28. Mason
28
MASON
I ’m a reckless bastard. Always have been.
There was never a time I wasn’t toeing the edge of the abyss, grinning into the void, daring it to swallow me whole. I lived for the rush. The adrenaline. The sheer audacity of flipping off fate and walking away unscathed. I took fights I had no business winning, made bets with my own bones, laughed in the face of consequences like they were a joke only I was in on.
And for the most part, the world never called my bluff.
But being reckless hits different when you’re not just some street punk with a death wish. When you’re Mason Ironside, underboss of the Moreno crime family, second only to Kanyan De Scarzi—the man I’d take a bullet for without hesitation.
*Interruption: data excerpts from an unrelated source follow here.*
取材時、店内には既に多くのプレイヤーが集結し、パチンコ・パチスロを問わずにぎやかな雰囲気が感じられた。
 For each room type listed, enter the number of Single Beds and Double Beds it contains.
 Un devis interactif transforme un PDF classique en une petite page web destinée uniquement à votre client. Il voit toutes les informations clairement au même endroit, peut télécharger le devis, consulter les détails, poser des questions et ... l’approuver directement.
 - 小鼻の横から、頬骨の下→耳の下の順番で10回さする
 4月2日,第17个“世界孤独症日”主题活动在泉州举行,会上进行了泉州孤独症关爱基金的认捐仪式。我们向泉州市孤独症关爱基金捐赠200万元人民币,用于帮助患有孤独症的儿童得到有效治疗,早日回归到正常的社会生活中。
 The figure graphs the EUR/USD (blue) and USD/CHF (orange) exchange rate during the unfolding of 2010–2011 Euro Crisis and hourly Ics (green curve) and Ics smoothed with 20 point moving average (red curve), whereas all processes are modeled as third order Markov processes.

My recklessness isn’t just about me anymore. It means something. It carries weight.
It’s what makes men follow me into war, what makes enemies choke on my name like it’s laced with poison.
It’s the reason I matter.
I don’t hesitate. I don’t second-guess.
I move first, think later.
That’s why I don’t flinch when I throw myself into the fire. I don’t wait for someone else to handle the problem—I am the problem. The solution. The one standing at the frontlines when shit hits the fan. I don’t care about coming out clean; I care about making damn sure my enemies don’t come out at all.
And when I go out? I won’t go quietly. I won’t fade into the shadows like some forgotten ghost.
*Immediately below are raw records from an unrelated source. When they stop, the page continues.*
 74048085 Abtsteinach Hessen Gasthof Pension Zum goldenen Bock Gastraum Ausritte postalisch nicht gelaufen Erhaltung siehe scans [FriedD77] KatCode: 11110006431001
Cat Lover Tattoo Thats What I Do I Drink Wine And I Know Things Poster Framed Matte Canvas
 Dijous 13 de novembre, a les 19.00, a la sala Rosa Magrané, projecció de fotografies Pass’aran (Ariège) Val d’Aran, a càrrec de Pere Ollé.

I want them to remember the name Mason Ironside.
I want them to spit my legacy like an oath, to say, That bastard lived his own damn action movie every single day.
Fearless.
That’s what I’ve always been.
That’s what I have to be right now.
A warrior. A man who doesn’t hesitate, who doesn’t second-guess. A man who walks into hell without flinching, without letting the enemy see a single crack in his armor.
Because cracks? Cracks are weaknesses.
Weaknesses get exploited.
Weaknesses get people killed.
But goddamn it—I can’t stop the fear that licks up my spine, curling around my ribs, sinking into my bones like a slow-acting poison.
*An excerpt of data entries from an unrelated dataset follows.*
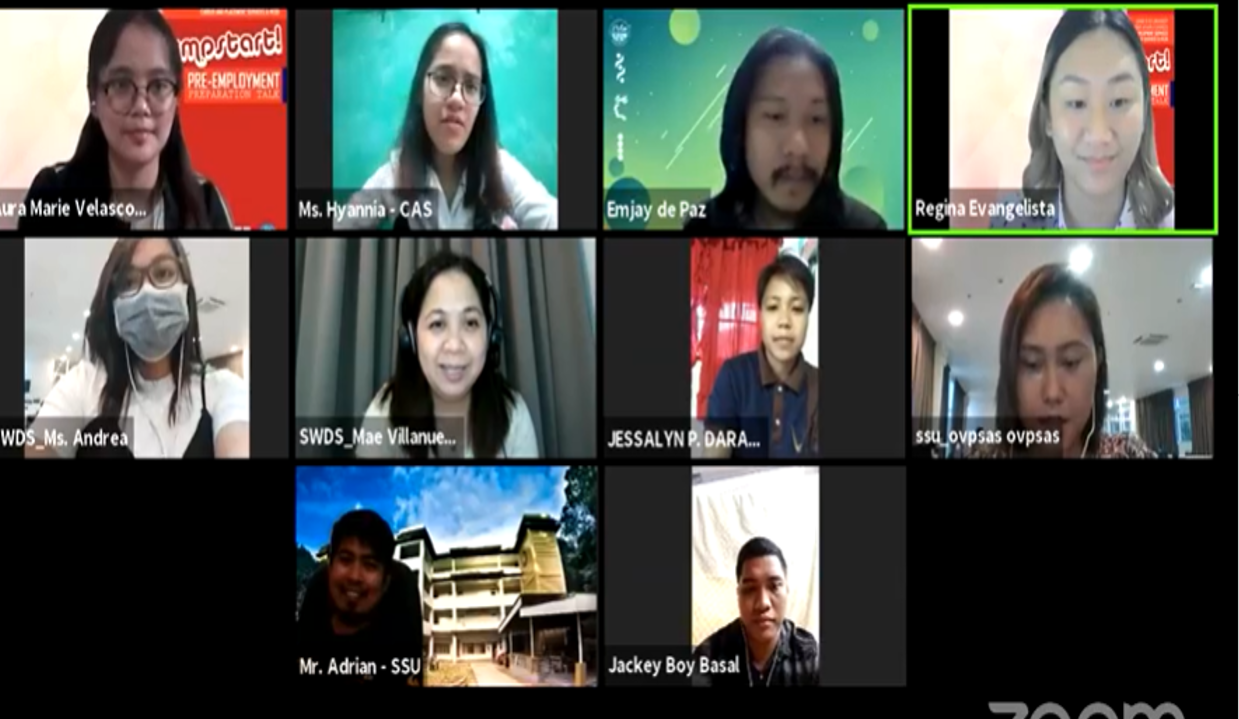 CATBALOGAN CITY – Samar State University (SSU) through the Student Welfare and Development Services (SWDS) conducted its first virtual Pre-Employment Preparation (PEP) workshop via Zoom on April 14 (21).
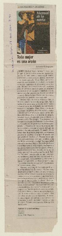Toda mujer es una araña [artículo]/ Aremio Echegoyen. La Nación (Diario: Santiago, Chile) mar. 27, 2006, p. 40 .
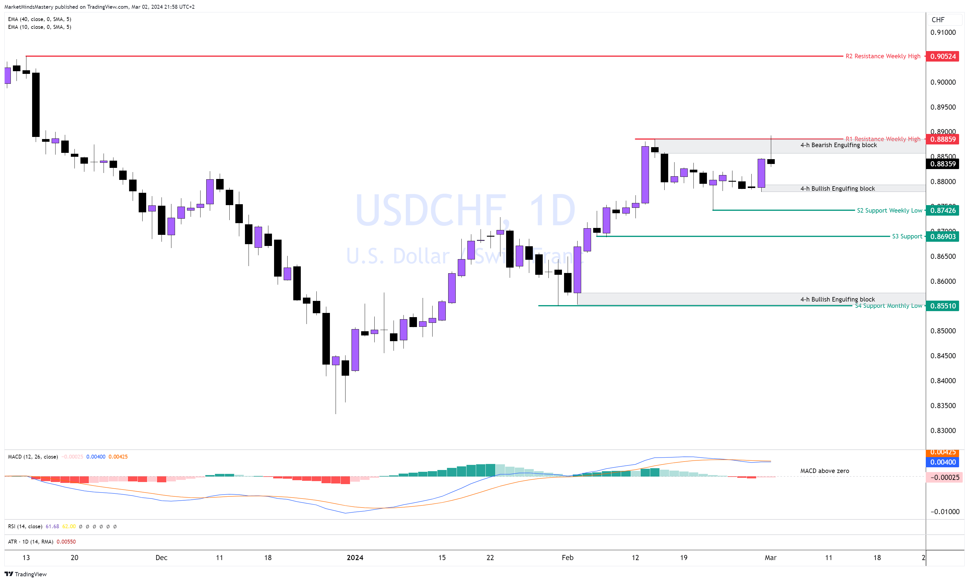 Come previsto dalla scorsa settimana, il prezzo si è mosso al rialzo e ha trovato una forte resistenza intorno alla media mobile dinamica a 200 periodi e al Bearish Engulfing Order Block a 4 ore per poi scendere, lasciando dietro di sé un modello ribassista ben definito di shooting star. Inoltre, il prezzo non è riuscito a chiudere al di sopra dell'ultimo massimo di oscillazione. Se la Svizzera guadagna forza, il prezzo della coppia può scendere, e la prima zona di supporto è un Bullish Engulfing Order Block a 4 ore che coincide con il forte supporto intraday, appena sotto 0,88000. Se il prezzo scende ulteriormente, il minimo della settimana precedente può fungere da supporto S2 intorno a 0,87426. Solo dopo la rottura del supporto S2, il fallimento dello swing high sarà considerato un modello di inversione double-top. Altrimenti, il prezzo potrebbe rimbalzare e muoversi verso l'alto, creando un triangolo ascendente. Se il prezzo si muove verso l'alto, la resistenza R1 può essere testata nuovamente. Se il prezzo la rompe e chiude al di sopra di essa, c'è spazio per il prezzo per muoversi fino alla prossima resistenza R2, intorno a 0,90524.
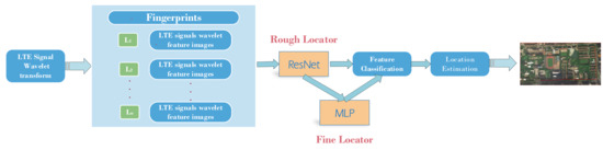 However, the main problem with fingerprint-based precise positioning technology comes from signal fluctuations, such as multipath fading or signal propagation being blocked by trees, buildings, or moving cars [5]. These adverse factors will lead to poor positioning accuracy. Considering the principle and positioning process of the fingerprint positioning system, to maximize positioning accuracy, the problem to be solved in this paper is how to extract LTE signal features, and how to develop a classifier with powerful learning abilities. To extract reliable signal features, the wavelet transform method is used to calculate the wavelet feature coefficient and uses the wavelet coefficient feature images to store the extracted signal wavelet features. To extract high-value features from large amounts of data, the human information processing mechanism proposes using a multilayer deep learning algorithm to deal with this problem [13]. It has been shown that DNN models can extract and learn high-level features whenever we feed them with a large-scale dataset, especially in the fields of computer vision and feature fusion [14]. However, the technique of using deep neural networks (DNN) to implement computer vision based on LTE signals for outdoor positioning has not been perfected. Aiming at this problem, an LTE signal fingerprint positioning technique is proposed based on wavelet transform and deep learning. The area of interest is classified into dozens or hundreds of grids, and each grid is treated as one category. Therefore, the positioning issue is transformed into a classification issue. To solve the aforementioned problems, the ideas of deep learning, transfer learning, and wavelet analysis were leveraged to achieve high-precision outdoor positioning. After building the wavelet image fingerprint dataset, first, we randomized it, then used the first 60% of the dataset as the training set, the middle 20% of the database as the validation set, and the last 20% of the dataset as the test set. The results of the test set were used to indicate the positioning accuracy. In offline training, an improved deep residual network (ResNet) containing multiple residual units and multilayer perceptron (MLP) was used. After completing the training, a ResNet-based rough locator can be obtained. Furthermore, inspired by the idea of transfer learning, the MLP-based fine locator uses prior knowledge gained from ResNet to achieve higher-level positioning performance. This method has several advantages. First, ResNet can learn high-value features from a massive number of LTE signals with large fluctuations. Second, the DNN-based location predictor is more robust because it uses the trained ResNet information to predict the position. Also, the positioning system proposed in this paper can handle large-scale LTE signal datasets. The prediction at the matching stage does not require any search in the sample space, only the forward evaluation of the trained DNN. The proposed positioning system is shown in Figure 1.
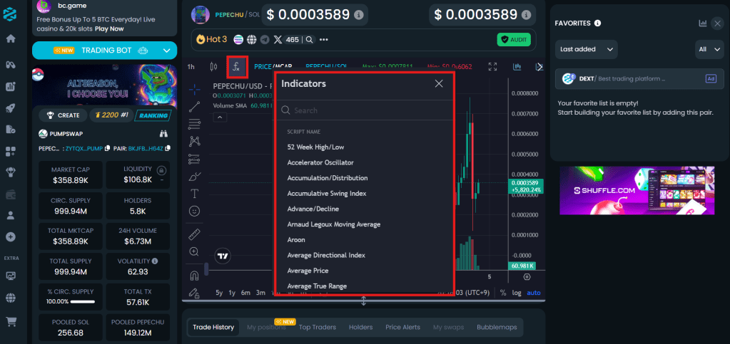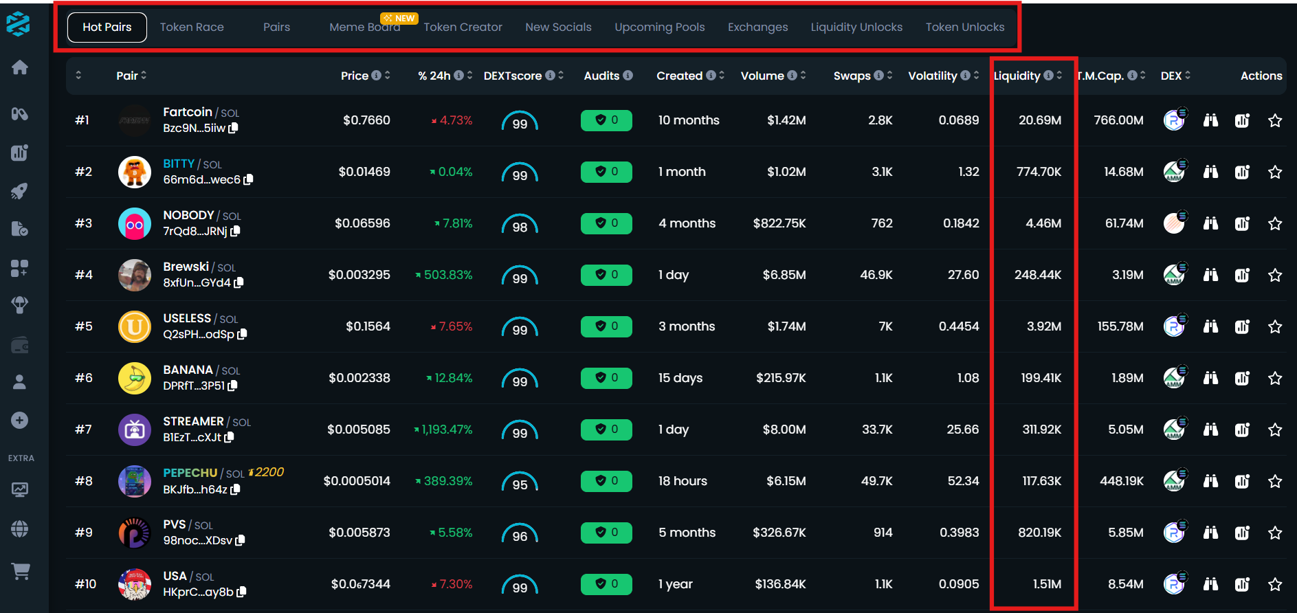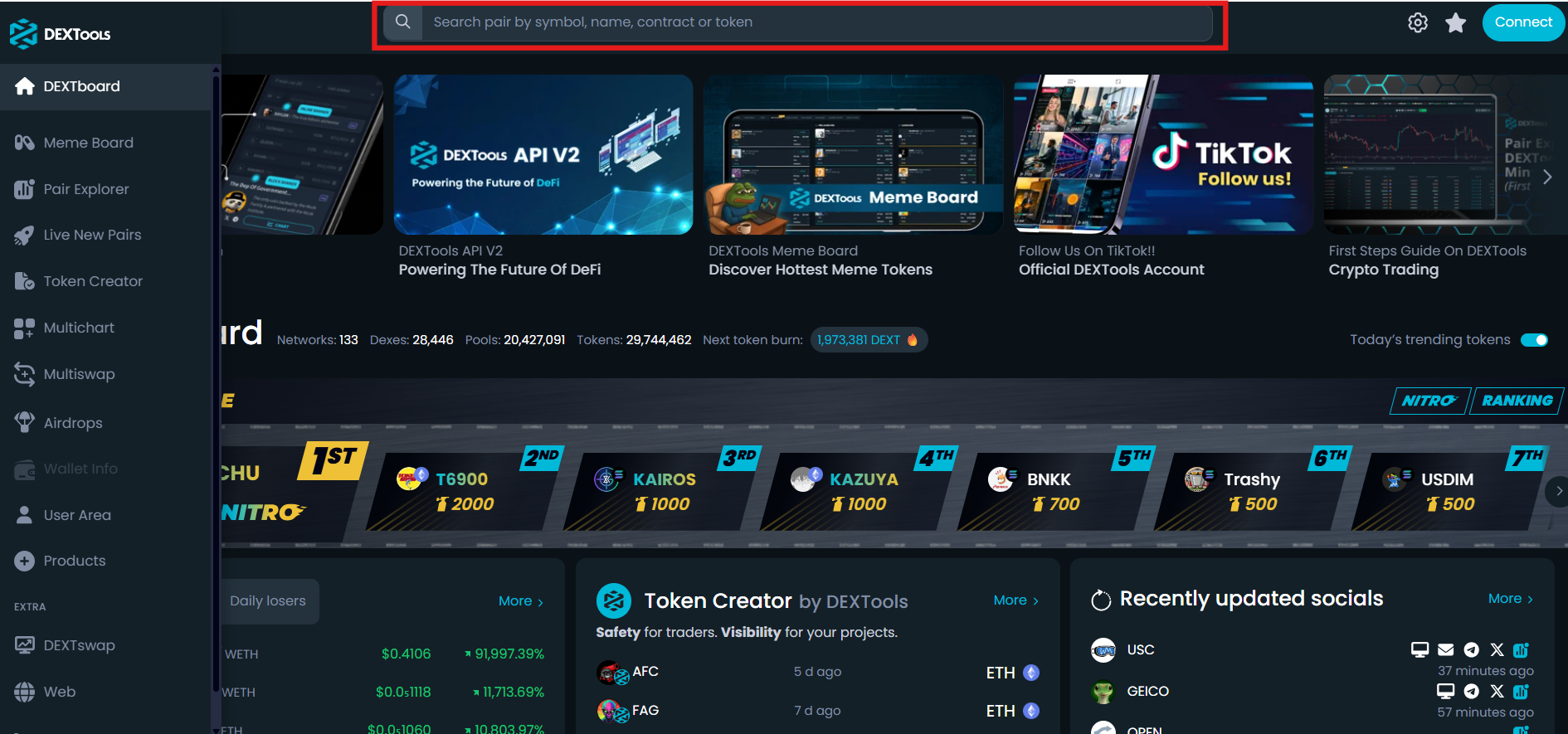On the homepage, you’ll see sections like Trending Tokens, Most Viewed Pairs, and New Pairs. This helps you quickly identify what the market is currently paying attention to.

It’s not fear of dying. I made peace with that possibility a long time ago.
Death has been an expected guest at my table since the day I picked up a gun and swore loyalty to the only family that ever mattered.
It’s not pain either.
Pain is an old friend, a ghost I’ve carried for so long that I don’t even flinch when it digs its claws in.
No—this fear is something else.
Something worse.
Because for the first time in my life, I’m not scared for me.
I’m scared for her.
For Shelby.
And that kind of fear? That’s fucking lethal.
It makes my vision go sharp, my breathing slow, my blood pump cold and hard through my veins.
It makes me dangerous in a way I haven’t been before, because this isn’t about territory or business or survival.
This is personal.
And when shit gets personal?
I burn everything to the ground.
By the time I reach the factory, the air is already thick with the promise of violence.
The building looms like a mausoleum, shadows stretching across the broken concrete, the scent of oil and old metal curling in the back of my throat. Every instinct I have is bristling, clawing at me. This place is wrong. Too quiet. Too still. Like a breath being held just a second too long.
Clay isn’t coming.
He doesn’t need to. Whatever madness he stirred up with his tech experiments ends here. And I’m the one who has to clean it up.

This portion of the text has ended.